The rest of the movie explains how that happened. Guadagnino has assembled a robust set of talking heads, blending personal biography with fashion criticism as he explores the wonder at the center of Ferragamo’s designs. Interviews with his wife, children, and grandchildren help explain his obsessive personality, while perennial cinematic ruminator Martin Scorsese pops in from time to time to make more general observations about the character as both a central contributor to the art of cinema, and a key figure in Italian history as a whole.
“Shoemaker of Dreams” excels at showing how Ferragamo navigated the radically different challenges of Italian and American fashion industries during periods of tremendous upheaval in both societies. The movie tracks his childhood in the small town of Bonito, and his decision to move to Naples as a teenager, where his interest in shoemaking was dismissed as a lower-class pursuit. Hoping for better chances in America, he follows the classic immigrant arc to Ellis Island before settling in California at the birth of the Hollywood industry. Designing shoes for performers just as the Hollywood star system took place, his client list soon encompassed everyone from Charlie Chaplin to Mary Pickford and Lillian Gish. Gathering clips from many of their works, Guadagnino manages to slip in a mini-history of early celebrity, using Ferragano’s journey as a template for illustrating how movie stars went from lower-class employees to fashion icons with his help.
Ferragano’s own voice is heard throughout, thanks to bountiful interviews he did throughout his career, and he’s the one who explains some of the darker passages of his story. “Shoemaker of Dreams” doesn’t dance around the impact of the depression, as well as a debilitating car accident, on Ferragamo’s career — incidents that sent him to head back to Italy in bankruptcy and forced him to rebuild in the midst of Mussolini’s rise. But even fascism couldn’t contain Ferragamo’s talent, and while the movie doesn’t explore the designer’s tensions with the institutional forces around him in too much detail, it allows him to become the hero of a saga with several daunting turns. As with the shoes themselves, Ferragamo’s story has been romanticized to the extreme, elevated to a kind of Hollywood fantasy itself. “There are no bad feet,” Stuhlbarg tells us, reading Ferragamo. “There are only bad shoes.”

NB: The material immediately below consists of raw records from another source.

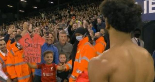 وقام محمد صلاح بإعطاء قميصه لطفل صغير من مشجعى ليفربول، قد رفع لافتة يطلب الحصول على قميص النجم المصرى، ليلبى الفرعون المصرى طلب الطفل الصغير عقب نهاية المباراة، وسط فرحة كبيرة من جانب الطفل.
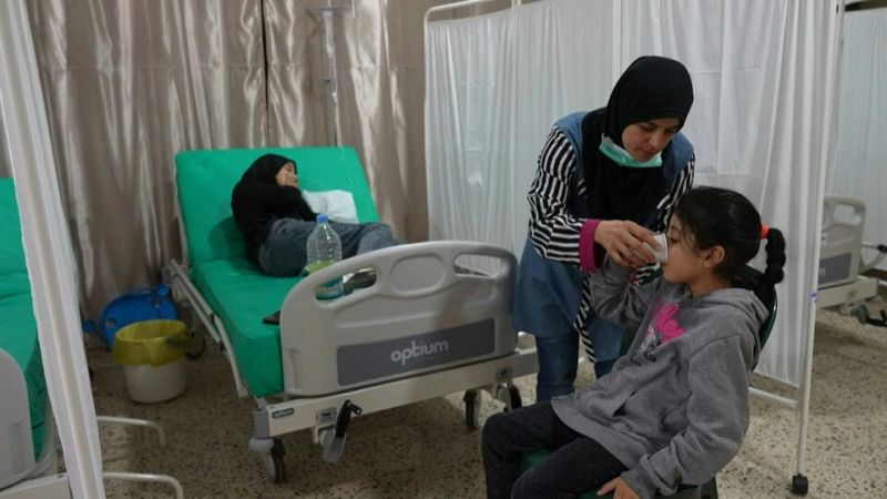 Des soignants s'occupent de patients atteints du choléra dans un centre de traitement dédié à cette infection diarrhéique aiguë, réapparue pour la première fois depuis 2009 en Syrie (AFP)Les conflits comme en Syrie ou la crise économique comme au Liban sont aussi propices.
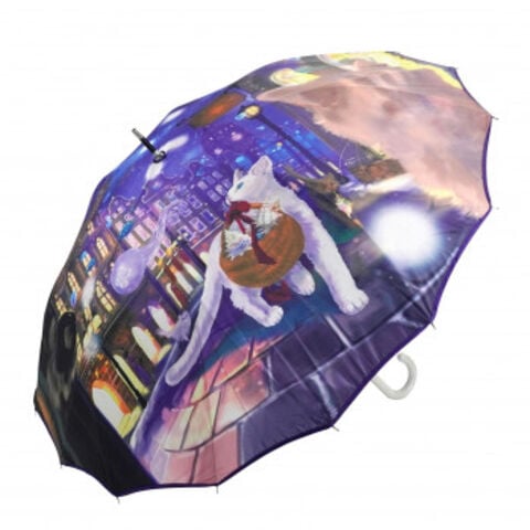 藤田屋 一枚張り婦人長傘 da mon de 60cm クジラ街の猫 DA-2571(NT)
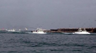 帰港:操業は6時から14時までに決められているので全船一斉に鳥山を従えて入港します。
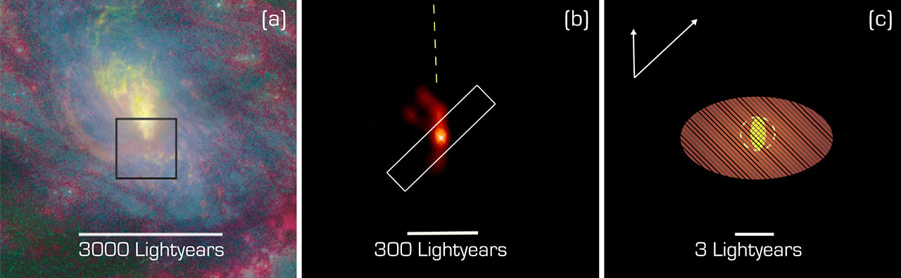 They detect the presence of an innermost, comparatively "hot" cloud of dust, heated to about 500°C and with a diameter equal to or smaller than the achieved image sharpness, i.e. about 3 light-years. It is surrounded by a cooler, dusty region, with a temperature of about 50°C, measuring 11 light-years across and about 7 light-years thick. This is most likely the predicted central, disc-shaped cloud that rotates around the black hole.

A kindred spirit, Guadagnino excels at turning surface details into entrancing experiences (even his disturbing “Suspira” remake was a pleasure for the eyes). “Shoemaker of Dreams” manages to become one of the great fashion documentaries in recent memory because it inhabits the lively nature of the mythology associated with the artist in question, even as it elucidates the substance that sustains the legend.
Experts explain his ability to produce work “flattering to the feet and creative at the same time,” and an energetic factory montage shows exactly how that’s done. The process of using corks and translucent materials illustrates the degree of innovation in play, while charts break down the way the curvature of his shoes valued comfort as much as presentation. Critics ranging from Todd McCarthy to Suzy Menkes explain the context of Ferragamo’s achievements, and some can’t help but drool over its precision. One woman cradles the twirling shoes worn by Douglas Fairbanks in 1924’s “The Thief of Baghdad” in orgiastic glee, claiming the words she wants to describe them would be unfit for camera. Guadagnino wants to hear them anyway, but “Shoemaker of Dreams” suggests the erotic appeal of the work defies precise language, because Ferragamo invented his own.

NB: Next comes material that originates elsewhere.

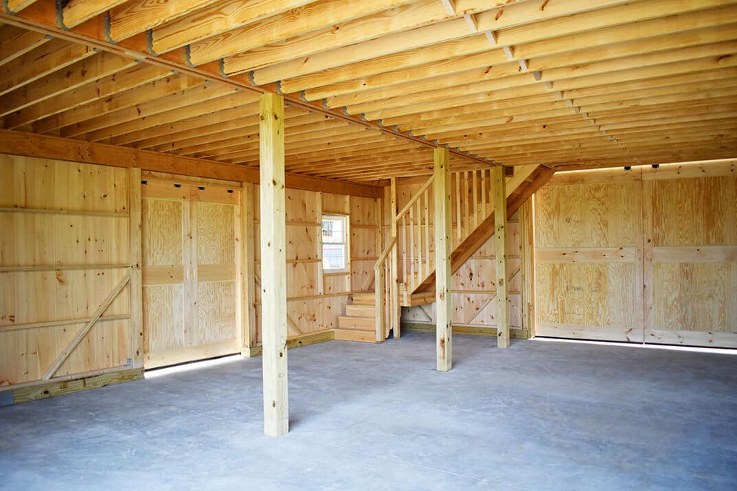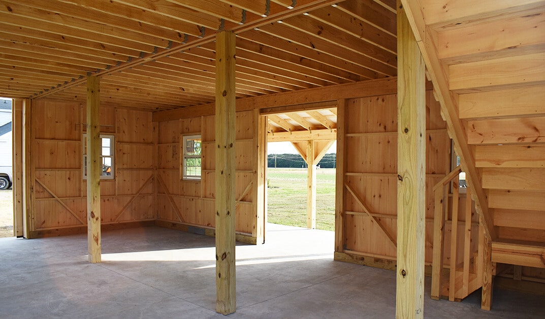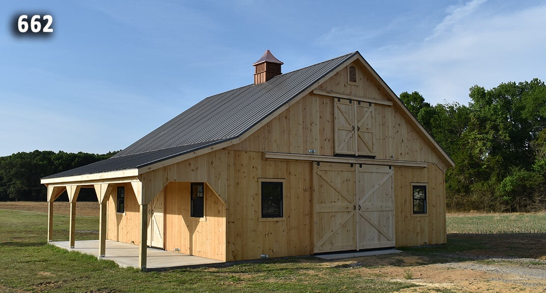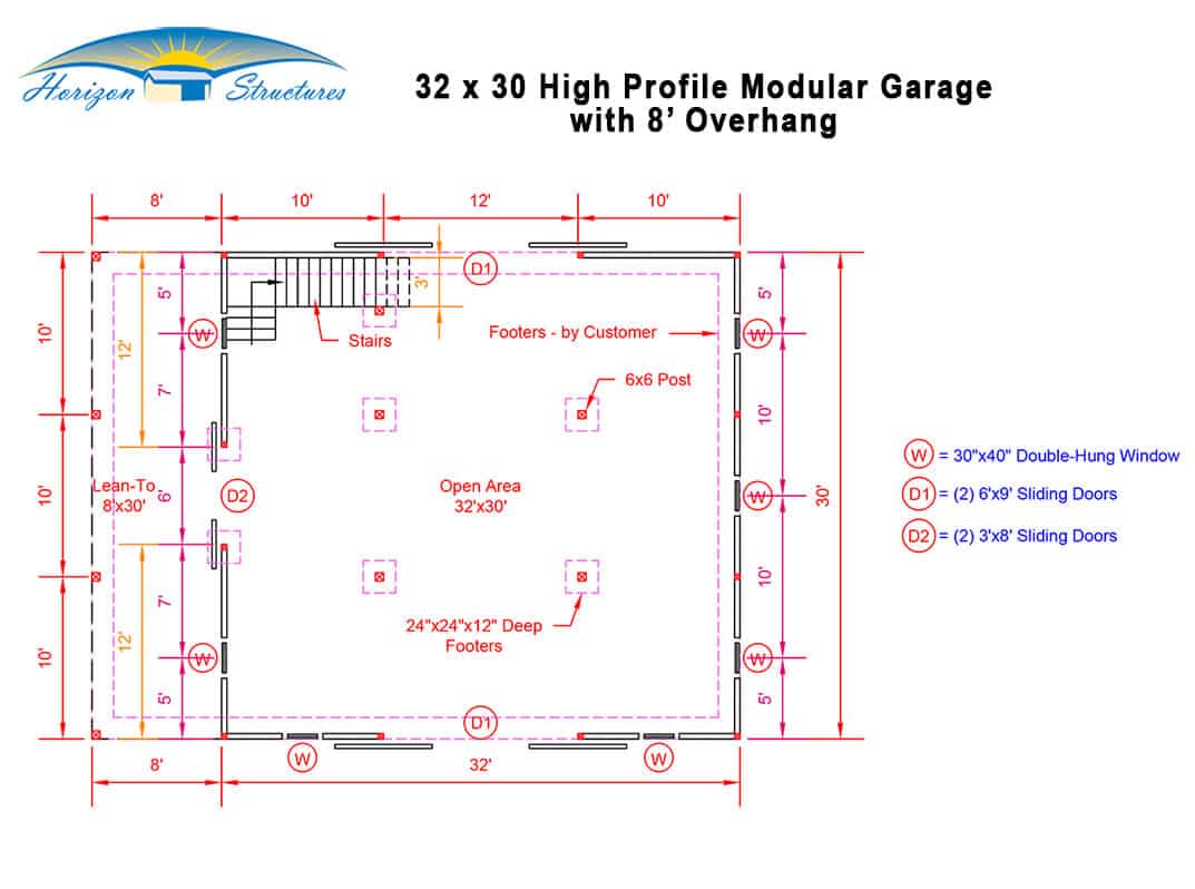 32×30 High Profile barn with 8′ overhang – open floor plan. Includes: metal roof

The filmmaker, often glimpsed on the edges of the frame, clearly harbors the same giddiness for Ferragamo’s talent as many of his interviews. By the end, he can’t help but indulge in a final, ridiculous CGI dance that finds animated Ferragamo shoes taking charge. It’s a bit much, but such exuberance matches the nature of Ferragamo fandom. “Shoemaker of Dreams” works as well as it does because Guadagnino fills each moment with such delight for his subject that it’s impossible not to end up consumed by that spell.
Grade: B+
“Salvatore: Shoemaker of Dreams” premiered out of competition at the Venice Film Festival. It was recently acquired for U.S. distribution by Sony Pictures Classics.